**Task statement**. Word for word, repeat the data that follows. Do not include the pictures.

**Dataset content**.
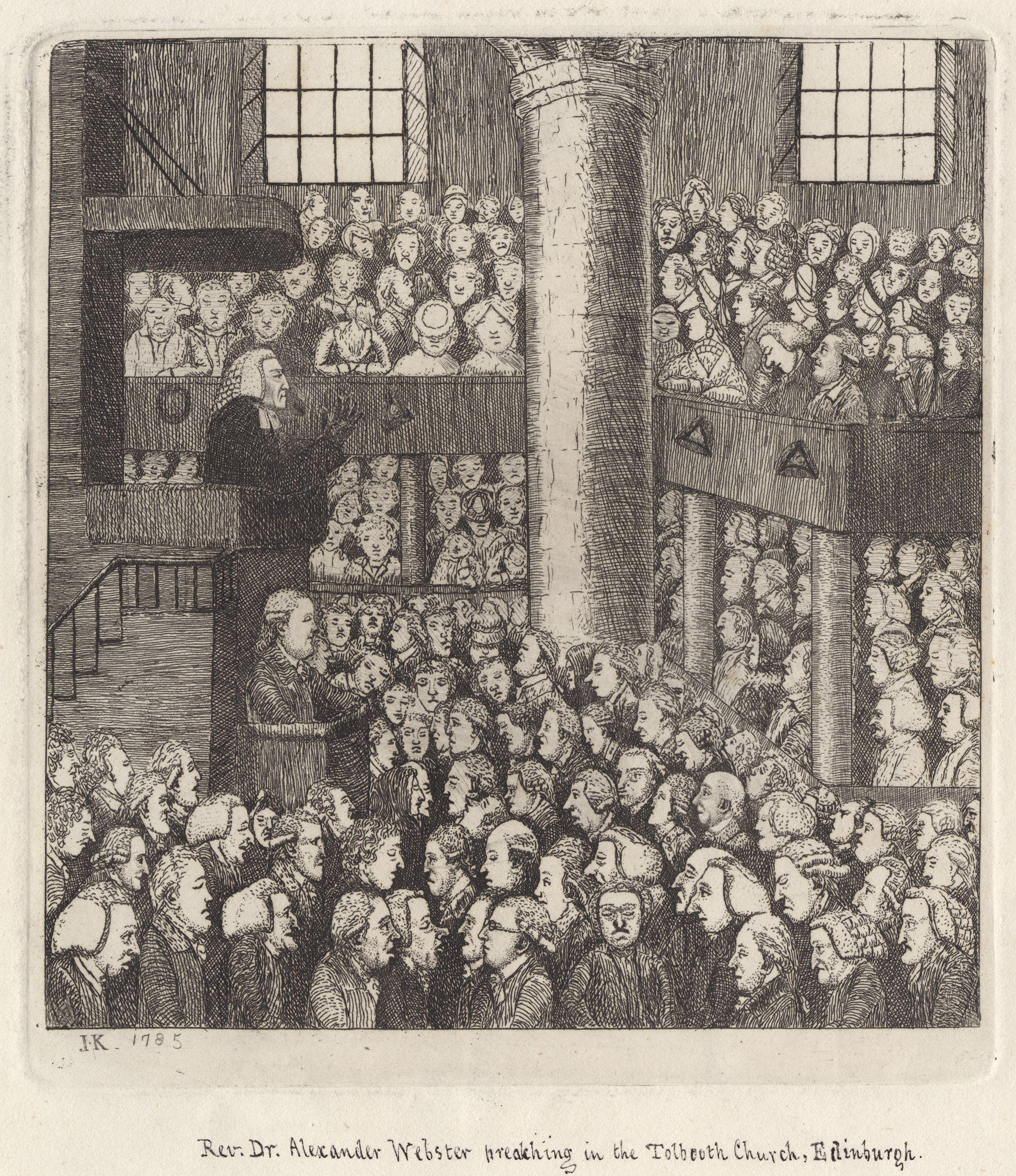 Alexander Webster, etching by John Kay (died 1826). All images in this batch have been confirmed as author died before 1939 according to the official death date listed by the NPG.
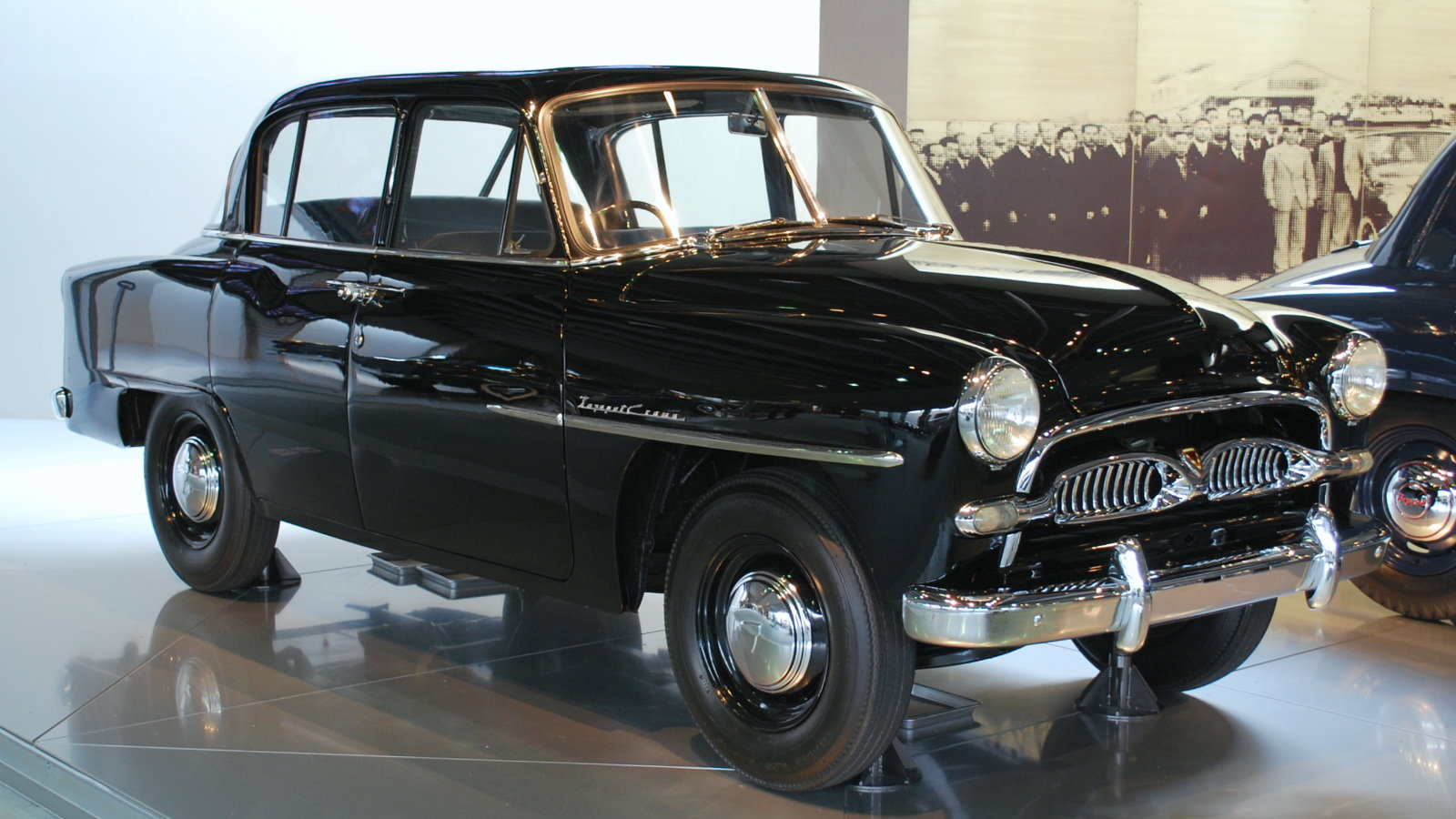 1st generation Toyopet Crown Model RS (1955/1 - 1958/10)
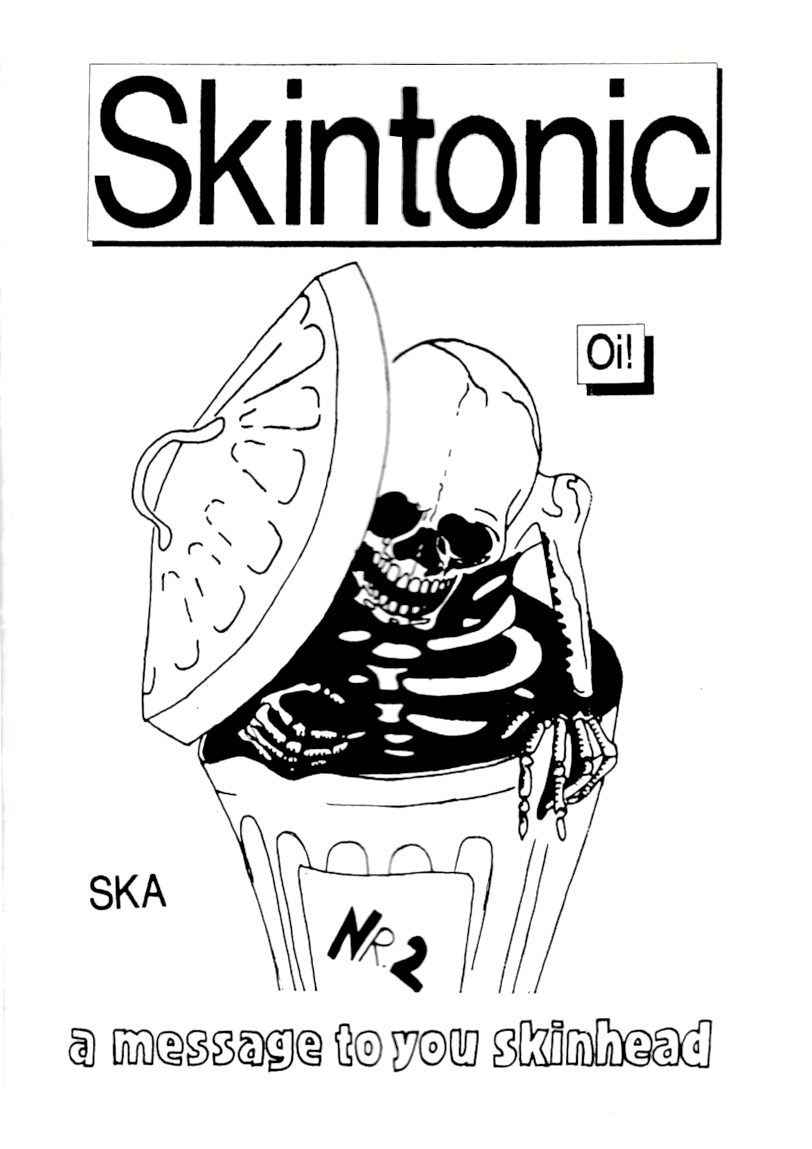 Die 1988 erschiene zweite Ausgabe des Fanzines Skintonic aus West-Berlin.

**Answer below**.
 Alexander Webster, etching by John Kay (died 1826). All images in this batch have been confirmed as author died before 1939 according to the official death date listed by the NPG.
 1st generation Toyopet Crown Model RS (1955/1 - 1958/10)
 Die 1988 erschiene zweite Ausgabe des Fanzines Skintonic aus West-Berlin.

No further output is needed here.